Além disso, Leopoldina estava no terceiro mês
de gravidez. Nesse caso, segundo a pesquisa, se um empurrão tivesse realmente
causado a perda do bebê, o golpe teria que ter sido aplicado com uma força
muito violenta, que resultaria em trauma e até em hemorragia. Então, a
imperatriz podia ter morrido até em uma questão de horas — o que de fato não
aconteceu. Desmistificando ainda mais a lenda do empurrão, a arqueóloga
Valdirene Ambiel explicou que, no caso de agressão, a morte do neném também
teria que ter ocorrido antes. "Se houvesse um ato de violência praticado
por D. Pedro, o óbito do feto seria anterior ao abortamento", explicou.

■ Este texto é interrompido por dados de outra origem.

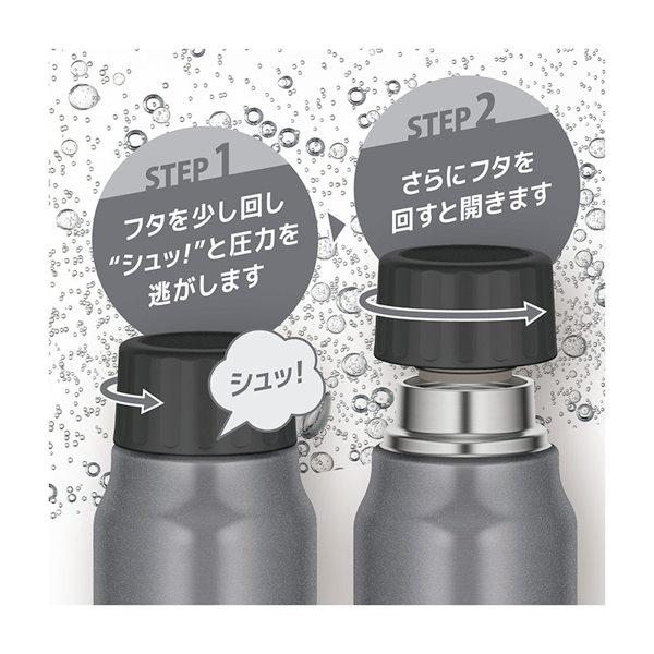 【まとめ割】炭酸飲料・スポーツ飲料OK&1Lの大容量サイズ!せん本体に圧力開放穴を設けてあるため、フタを軽く回すだけで炭酸飲料による内圧を逃がすことができます。

Entretanto, ela abre um, porém. O que foi
estudado foi o episódio do empurrão: portanto, isso não descarta a
possibilidade da dama ter sido maltratada pelo cônjuge em outros acontecimentos.
"Como sempre falo, não posso afirmar que D. Pedro nunca praticou violência
física contra a esposa, mas podemos dizer que esta violência não causou a morte
de D. Leopoldina", ponderou a arqueóloga.